According to the BPAS, women entering their facilities complaining about unexpected pregnancies were told by general practitioners that breastfeeding is a form of contraceptive. Although that is technically true, breastfeeding can act as a great form of contraception, women are not told how to use breastfeeding as contraception correctly. Breastfeeding is only effective if it is being done at the same times every single day. Missing just one breastfeeding makes it significantly less effective as a contraceptive, which explains the numbers of unplanned pregnancies that occur during this fragile time period. 

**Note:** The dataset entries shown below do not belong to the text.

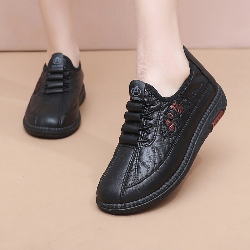 牛筋底妈妈鞋真皮防滑软底休闲中老年单鞋舒适蝴蝶结中年春秋皮鞋
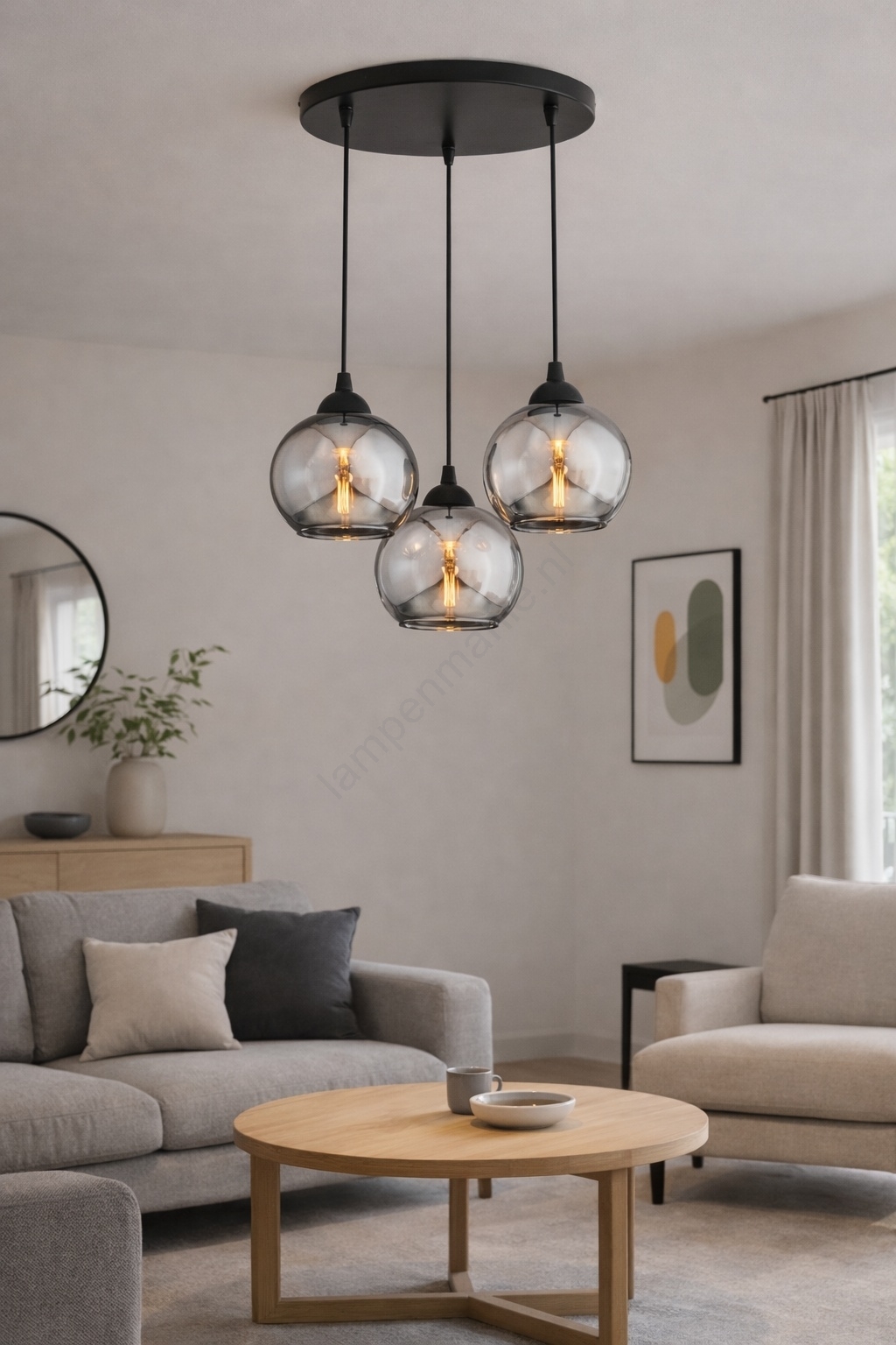 Brilagi - Hanglamp met kabel 3xE27/60W/230V zwart/rookgrijs
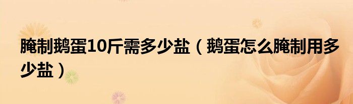 大家好,小安来为大家讲解下。腌制鹅蛋10斤需多少盐,鹅蛋怎么腌制用多少盐很多人还不知道,现在让我们一起来看看吧!
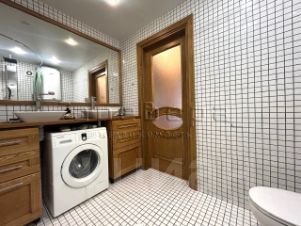 Ванная комната с двумя раковинами и большим зеркалом отделана мозаикой и массивом дуба, столешница - массив лиственницы. Стиральная машина и бойлер водонагреватель на 80л.
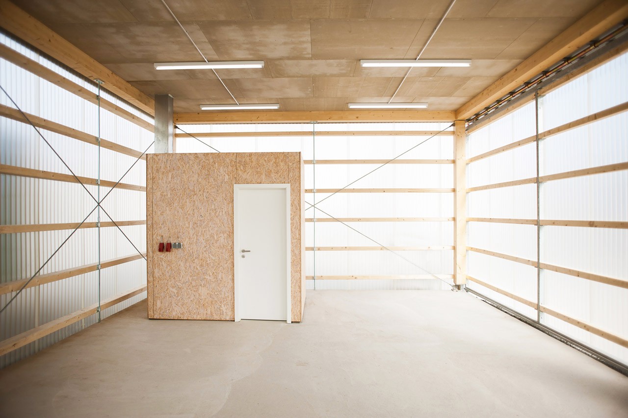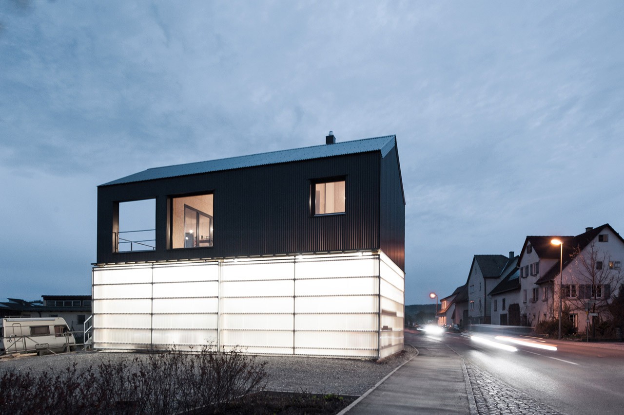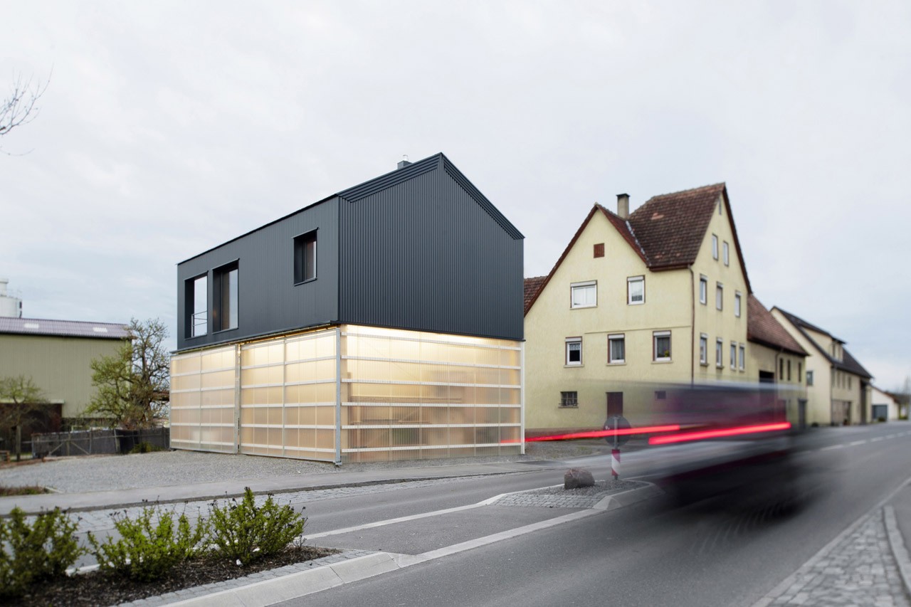 Il cambiamento d’uso si riflette nel prospetto: la parte inferiore, dedicata all’officina, è rivestita con pannelli di policarbonato traslucido. L’area di lavoro è così illuminata di luce naturale durante il giorno, mentre di notte si trasforma in una scatola luminosa che brilla nel quartiere.

"It is worrying to hear that some women are not receiving accurate information about the contraceptive cover provided by breastfeeding and that some are even receiving conflicting advice from different medical professionals about what contraception they can use whilst breastfeeding," A spokesperson with BPAS expressed her concerns over misinformation commonly exchanged between a woman and her doctor.

The charity organization also revealed that about 32 percent of women never had the conversation about safe contraception options while breastfeeding with their health professionals. The breastfeeding rate specifically in the United Kingdom has increased from 76 percent to 81 percent from 2005 to 2010. This statistic reinforces the importance of educating women about breastfeeding and proper contraceptive options. Since a new study reported huge benefits for breastfeeding, women and doctors should engage in more conversations regarding breastfeeding and contraception. The information passed along should also be consistent and helpful for mothers. There are ways to prevent pregnancies, and breastfeeding should not be the only available option.